Extension: What is the smallest set (total weight) of five weights which, when taken in pairs, will produce 10 successive integral weights? Or can such a set be found? If not, find a set which produces integral weights, with as many successive integral weights as possible. (The above set has 7 successive integral weights, for example.)
Source: Henry Ernest Dudeny, in The Penguin Book of Curious and Interesting Puzzles, David Wells, 1992, #298. Used as Ken's POTD 10/25/94.

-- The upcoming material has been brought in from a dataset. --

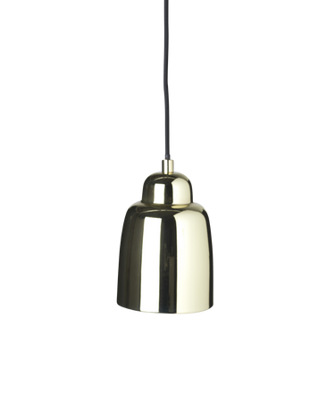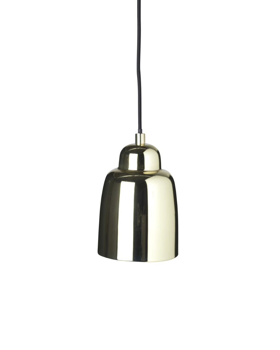 Monika Mulder’s design echoes vintage flutes, pairing reflective gold finish with soft curves to create a warm, nostalgic ambience above dining sets.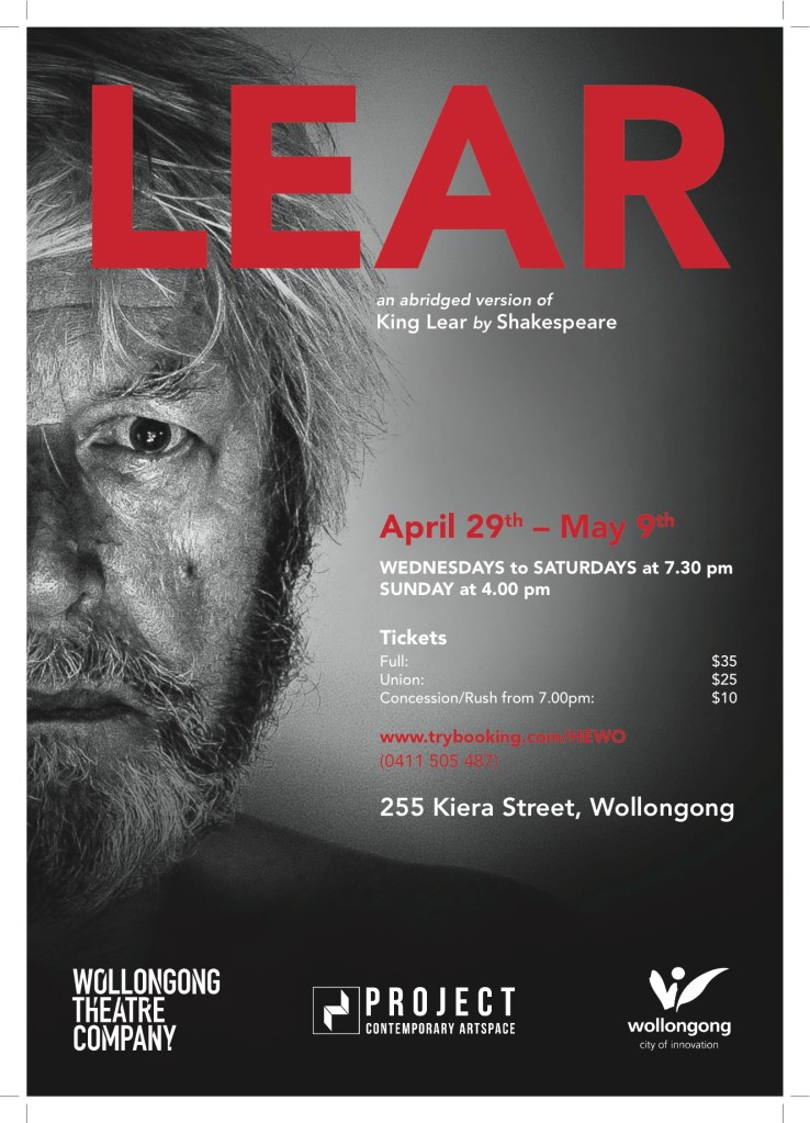 Lear Poster Official Published 06/04/2015 at 1328 × 1842 in Poster Gallery Lear, Wollongong Theatre Company 2015 Like Loading...

Let call w_1, w_2, w_3, w_4, w_5 the weights of the 5 trusses considered in order of decreasing weight. As there are 5 trusses, there are 10 possible ways ( 5x4/2) of weighting them two at a time. As Hodge has got 10 different values, this means that the weights of the 5 trusses are all different ==> w_1 > w_2 > w_3 > w_4 > w_5 As each truss is taken 4 times by Hodge, the total amount of the weights he has measured represents 4 times the total of the weights of the 5 trusses. Therefore sum(w_i) = (110 +112+....+121)/4 = 289 On the other hand, we have the following relations: w_1 + w_2 = 121 and w_4 + w_5 = 110 Therefore w_3 = 58 As a result w_1 = 62 or 61 and w_5 = 53 or 54 It's easy to check that there is one solution defined by: w_1 = 62, w_2 = 59, w_3 = 58, w_4 = 56, w_5 = 54
The total of these 10 weighings is equal to S = p + (p+1) +.....+(p+9) = 10*p + 45 with p equal to the lowest value. S is also equal to 4*sum(w_i). Since the pair wise sums of the w_i must be integers, it is easy to show that 2*sum(w_i) must also be an integer. Thus S is a multiple of 2; 10*p+45 cannot be a multiple of 2, so such a set of weights doesn't exist.